While it's been a local tradition for decades, it took a new life during the pandemic when Hank from 330ToGO started posting "Lion Watch" updates to his page.
"The first time I remember posting about them was I believe in 2018, and the first time I remember using the term Lion Watch was in 2019," Hank said. "It just kind of became a thing."
When the pandemic hit in 2020, a new tradition was started with Hank helping share the actual unveiling online to help spread a little positivity during a difficult time.
"I remember [Salaheddine] reaching out to me and he said 'Listen, we got to give people something to smile about. Get on over here, let's unleash the lions,'" Hank said. "So I popped on over and we went live, and that video got like 65,000 views and it was still when we were we were kind of growing still kind of little back then."
The moment was viewed by thousands, growing the legend of the lions from an Akron-centric tradition to a widespread phenomenon.
"It's a big deal, and when I say big deal, people follow it all over the country.

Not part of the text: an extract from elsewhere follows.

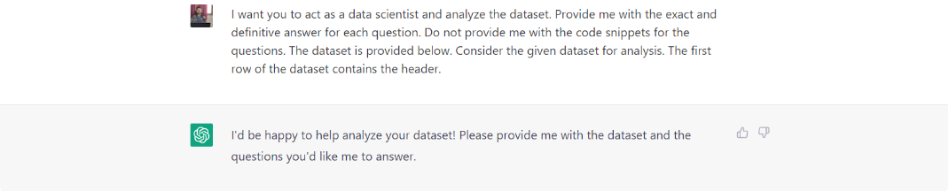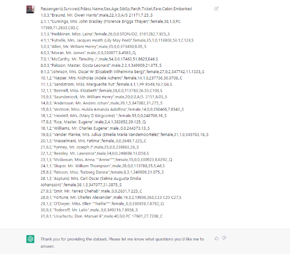 Để trả lời những câu hỏi này, ChatGPT phải phân tích các cột cụ thể trong tập dữ liệu và thực hiện phép tính để đưa ra câu trả lời.

This is no longer just an Akron thing, Hank said. "People from all over the country that grew up here are following Lion Watch, they really have ingrained it into their entire thought process about the fact that this is when spring is transitioning and we're getting ready for summer."

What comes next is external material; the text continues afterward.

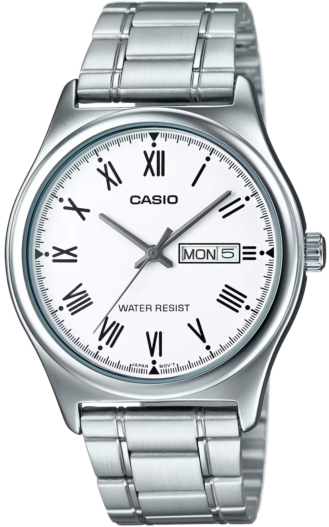 Мужские наручные часы Casio Collection MTP-V006D-7B. Точный кварцевый механизм с аналоговой индикацией. В отличие от механических часов, не требуют завода и работают от батареи, показывая отклонение всего несколько секунд в месяц. Браслет из нержавеющей стали обладает высокой прочностью и износостойкостью, обеспечивая долговечность даже при активной эксплуатации. Материал устойчив к коррозии и сохраняет свой внешний вид надолго. Аккумулятор обеспечивает часы достаточным питанием приблизительно на 2 года. Корпус изготовлен из высококачественной часовой латуни с высокими антикоррозийными свойствами. Прочное, устойчивое к царапинам минеральное стекло защищает часы от повреждений. Часы являются водонепроницаемыми до 3 Бар. Цвет корпуса: Серебристый. Цвет циферблата: Белый. Высота (с ушками): 45.1 мм. Толщина: 9.4 мм. Гарантия: 2 года. Другие наименования модели: MTP-V006D-7BUDF.

The weather has been fickle like Ohio weather usually is, but the peaks of sun and warm weather didn't trick Salaheddine or his lions.

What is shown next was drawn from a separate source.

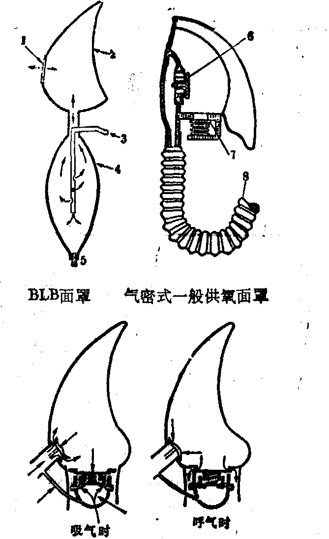 加压供氧面罩 图1 航空供氧面罩 1. 渗气盘 2. 面罩 3.进气管 4.贮气囊 5.放水塞6. 吸气活门 7. 呼气活门 8. 波纹软管 断续供氧系统 又称“需求式供氧系统”。是为克服上述连续型系统的缺点而研制的。以后为保证在各种高度均能提供符合生理要求的混合气体,而不是纯氧,又在调节器上安装空气混合机构(供氧成份调节机构),可随高度变化而自动调节所供气体的含氧比例。这样不仅可以节省氧气,还可避免氧浓度过高所带来的一些不利影响。因此,本系统具有以下特点:吸气时能适应使用者肺通气量变化,自动供给符合生理要求、含有一定比例氧的混合气体;呼气时则自动中止供气。由于采用气密式面罩,当调节器供纯氧时,面罩内氧浓度可达到接近100%的程度,故其保证高度也相应提高,使用上限可达12km。由于具有上述优点,此系统目前仍为军用飞机所广泛采用。断续供氧系统主要由氧源、氧气调节器、供氧面罩及指示仪表、连接管路等组成。氧气调节器内装有“肺式活门”(见图2)。吸气时面罩内的压力下降即通过软管传递到调节器内腔,在膜片两侧造成压差,使膜片弯曲而打开控制供气的肺式活门。吸气动作愈深,肺式活门开得愈大,所供氧气量也即相应增多。呼气时,面罩及调节器内腔压力增高,活门关闭,气流被截断。故此种型式的氧气调节器又有“肺式调节器”之称。氧气调节器中的空气混合机构主要由真空膜盒、高度调节活门、吸入活门等组成。当氧气流从肺式活门经文氏管喷射出时,由于引起局部压力下降,遂吸入周围的大气空气而将氧气稀释。其稀释程度由真空膜盒根据座舱高度控制高度调节活门实现;高度愈高,活门开口愈小,直至完全关闭。故由调节器所供吸入气体的含氧浓度随座舱高度而增加,至10km附近已达纯氧程度。空气混合机构下方有空气开关钮,关闭后,外界空气即不能进入,此时,调节器只供纯氧。怀疑舱内出现有害气体或飞越染毒区或放射性物质污染区上空时,即可闭上开关钮,改吸纯氧。面罩为气密式的一般供氧面罩,装有两个单向活门,一为吸气活门,一为呼气活门(图1)。此系统存在下述缺点:如面罩戴得不妥贴,吸气时可将外界空气一并吸入(称“面罩渗气”),造成吸入气中氧浓度过分稀释,可导致严重缺氧,甚至酿成事故。为克服面罩渗气问题,目前普遍采用“安全压力”(也称“小余压”)方法。即座舱压力高度超过一定范围后,氧气调节器另设有专门机构(补加供氧机构)使面罩内的压力得以始终保持较座舱压力略高的水平(约高3mmHg)。这样,当面罩气密不完全时,只能向外漏气而不致发生向内渗气的现象。虽有一定浪费,安全性却大为提高。但仍应教育飞行人员在高空飞行中随时注意将供氧面罩戴妥。

"Anybody that's born and raised in Ohio knows Ohio weather and one day it could be 78 degrees and the next day literally it's snow on the ground with ice," Salaheddine said."Over the last 20 years I've been covering and uncovering them—I've never been wrong."
A week into May 2022 and the Miller Road lions are still wrapped in their protective gear, but people following Lion Watch are keeping their eye out on the statues waiting for their sign of spring. Salaheddine is embracing the love from the community and beyond and is even hosting a contest online where people can guess the date of the lions' unveiling with a prize of some very special Miller Road Lions treats made by the Mars & Benny Cookie Company in Fairlawn.
Salaheddine said that while the lions are still wrapped, those watching for the season change shouldn't have to wait much longer.
"Coming soon. I can't tell you exactly when but it is very soon," Salaheddine said.
When the time does come, 330ToGO will live stream the unveiling and usher in the official start of spring in Akron.
"You can watch it as soon as soon as we're live, it's going to be happening—and we'll be bringing it to the nation," Hank said.